REQUIRED WORK> Please restate every line below exactly, without any pictures.

---+---

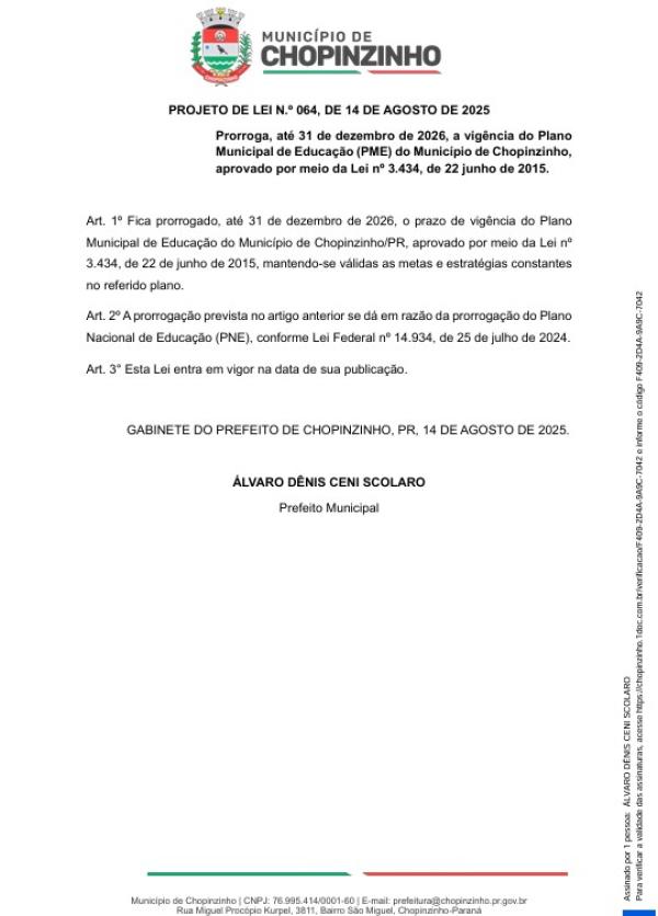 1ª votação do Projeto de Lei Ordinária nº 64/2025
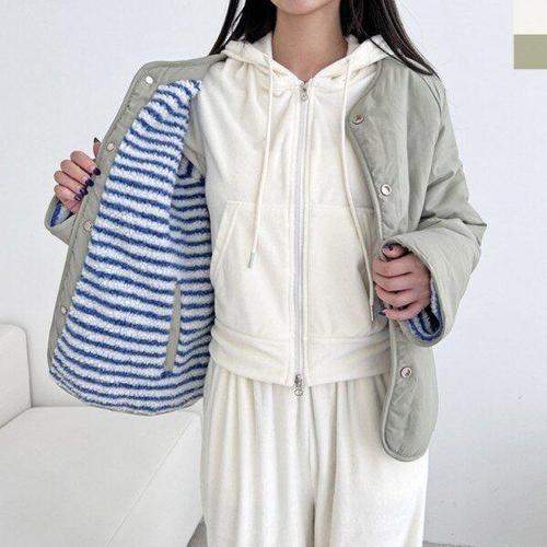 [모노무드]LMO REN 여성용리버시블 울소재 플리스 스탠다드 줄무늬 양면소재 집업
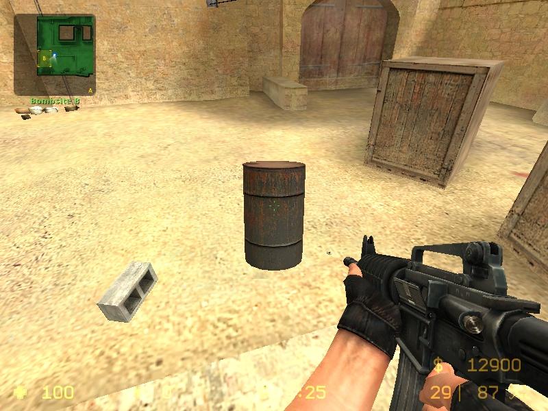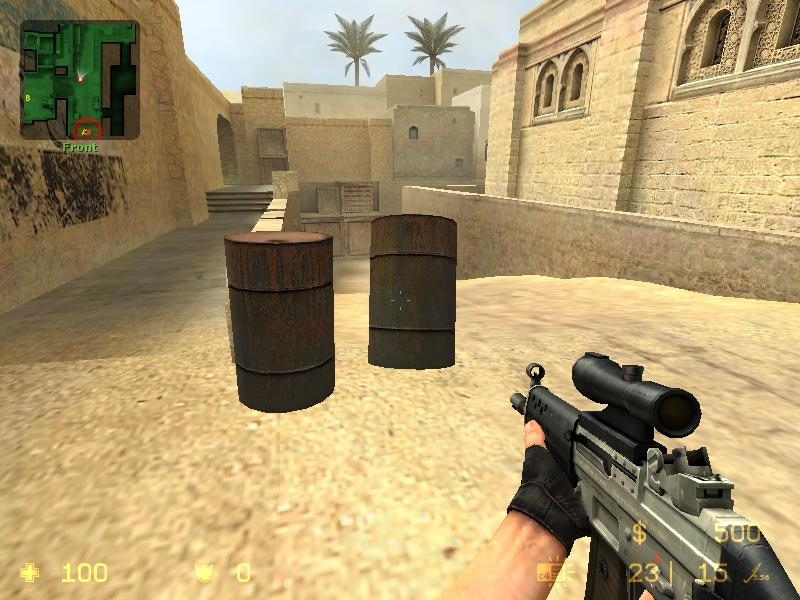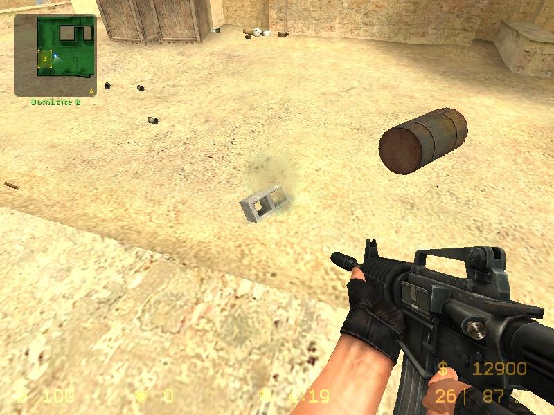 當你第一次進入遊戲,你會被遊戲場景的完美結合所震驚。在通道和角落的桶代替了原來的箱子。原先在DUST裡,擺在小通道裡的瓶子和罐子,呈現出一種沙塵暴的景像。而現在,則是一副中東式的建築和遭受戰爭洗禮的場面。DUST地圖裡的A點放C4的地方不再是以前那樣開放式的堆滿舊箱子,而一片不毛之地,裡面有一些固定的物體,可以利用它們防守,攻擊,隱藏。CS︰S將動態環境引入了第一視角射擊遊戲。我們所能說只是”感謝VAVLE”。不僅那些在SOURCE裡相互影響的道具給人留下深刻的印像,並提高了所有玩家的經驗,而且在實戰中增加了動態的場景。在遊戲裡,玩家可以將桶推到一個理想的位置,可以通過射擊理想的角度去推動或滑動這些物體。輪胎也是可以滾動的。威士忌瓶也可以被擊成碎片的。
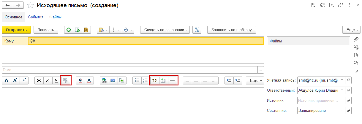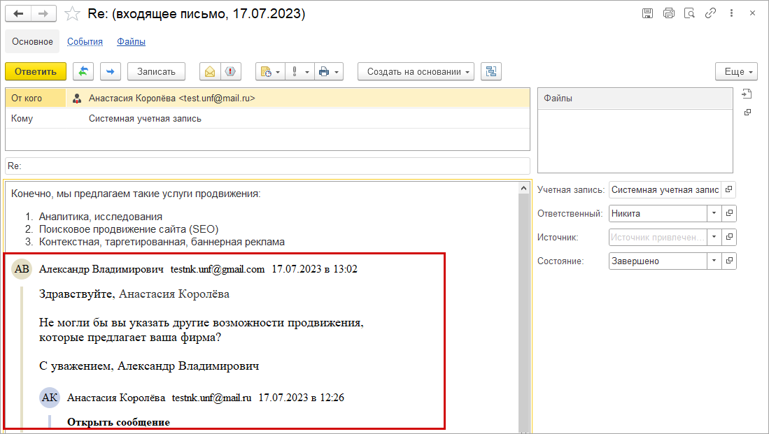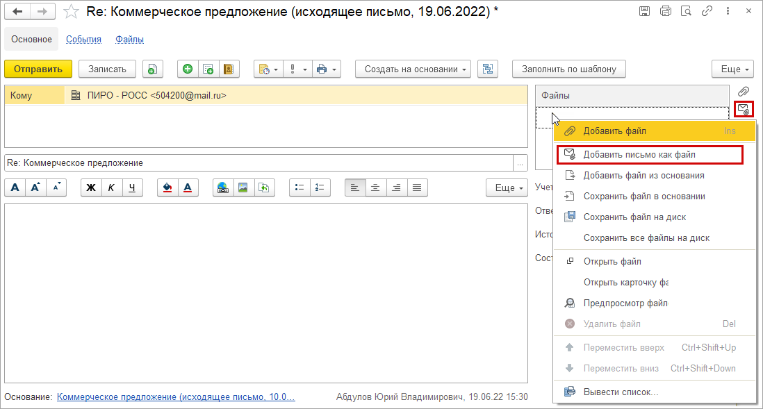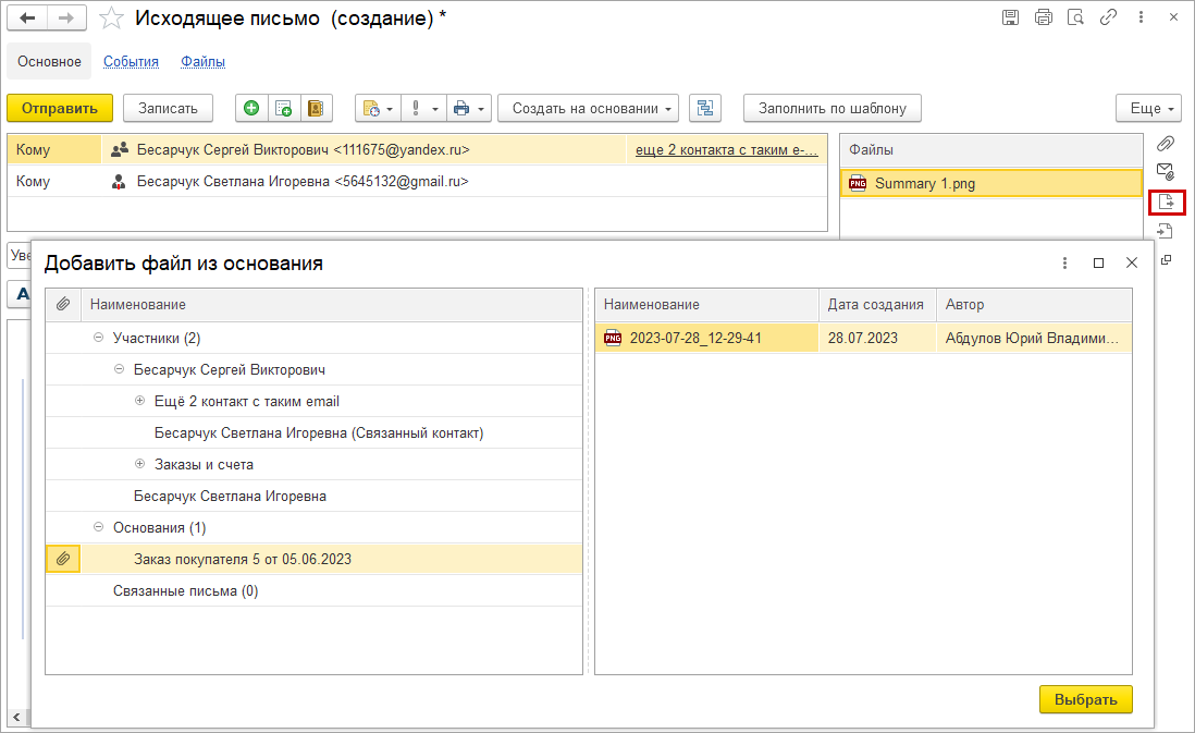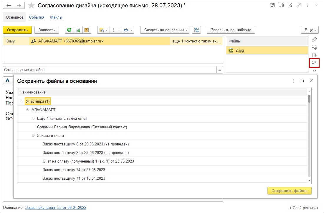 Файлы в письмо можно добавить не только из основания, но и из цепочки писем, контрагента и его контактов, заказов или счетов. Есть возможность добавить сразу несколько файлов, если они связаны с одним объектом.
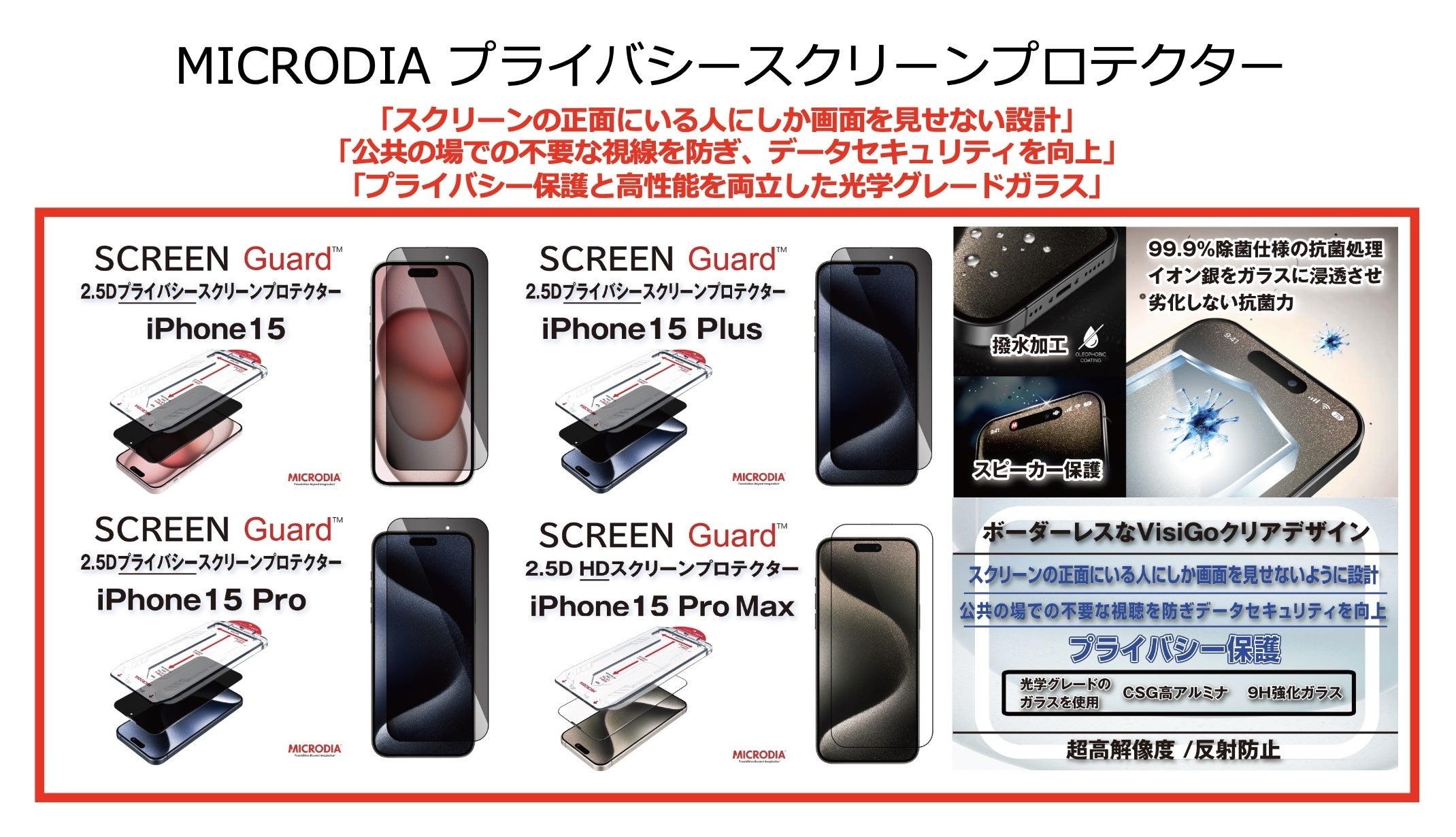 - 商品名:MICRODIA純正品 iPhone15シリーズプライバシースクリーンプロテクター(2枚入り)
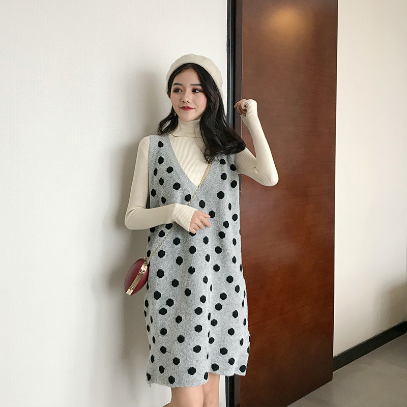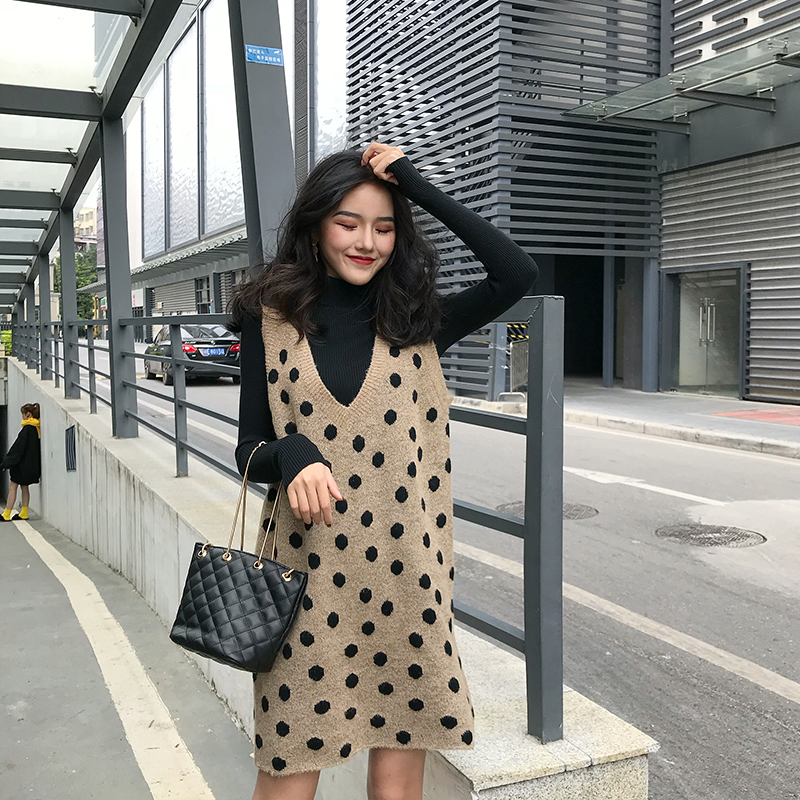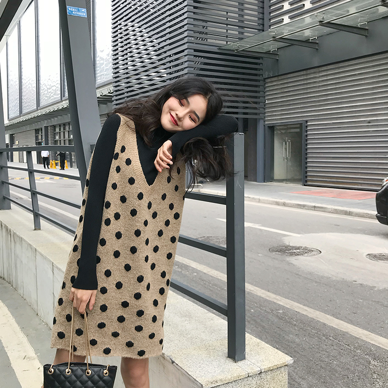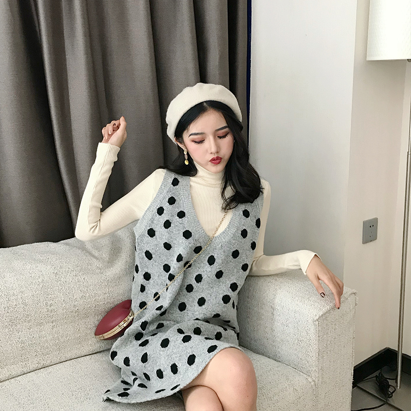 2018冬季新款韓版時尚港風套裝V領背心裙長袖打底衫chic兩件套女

---+---

SOLUTION BELOW>
 1ª votação do Projeto de Lei Ordinária nº 64/2025
 [모노무드]LMO REN 여성용리버시블 울소재 플리스 스탠다드 줄무늬 양면소재 집업
 當你第一次進入遊戲,你會被遊戲場景的完美結合所震驚。在通道和角落的桶代替了原來的箱子。原先在DUST裡,擺在小通道裡的瓶子和罐子,呈現出一種沙塵暴的景像。而現在,則是一副中東式的建築和遭受戰爭洗禮的場面。DUST地圖裡的A點放C4的地方不再是以前那樣開放式的堆滿舊箱子,而一片不毛之地,裡面有一些固定的物體,可以利用它們防守,攻擊,隱藏。CS︰S將動態環境引入了第一視角射擊遊戲。我們所能說只是”感謝VAVLE”。不僅那些在SOURCE裡相互影響的道具給人留下深刻的印像,並提高了所有玩家的經驗,而且在實戰中增加了動態的場景。在遊戲裡,玩家可以將桶推到一個理想的位置,可以通過射擊理想的角度去推動或滑動這些物體。輪胎也是可以滾動的。威士忌瓶也可以被擊成碎片的。
 Файлы в письмо можно добавить не только из основания, но и из цепочки писем, контрагента и его контактов, заказов или счетов. Есть возможность добавить сразу несколько файлов, если они связаны с одним объектом.
 - 商品名:MICRODIA純正品 iPhone15シリーズプライバシースクリーンプロテクター(2枚入り)
 2018冬季新款韓版時尚港風套裝V領背心裙長袖打底衫chic兩件套女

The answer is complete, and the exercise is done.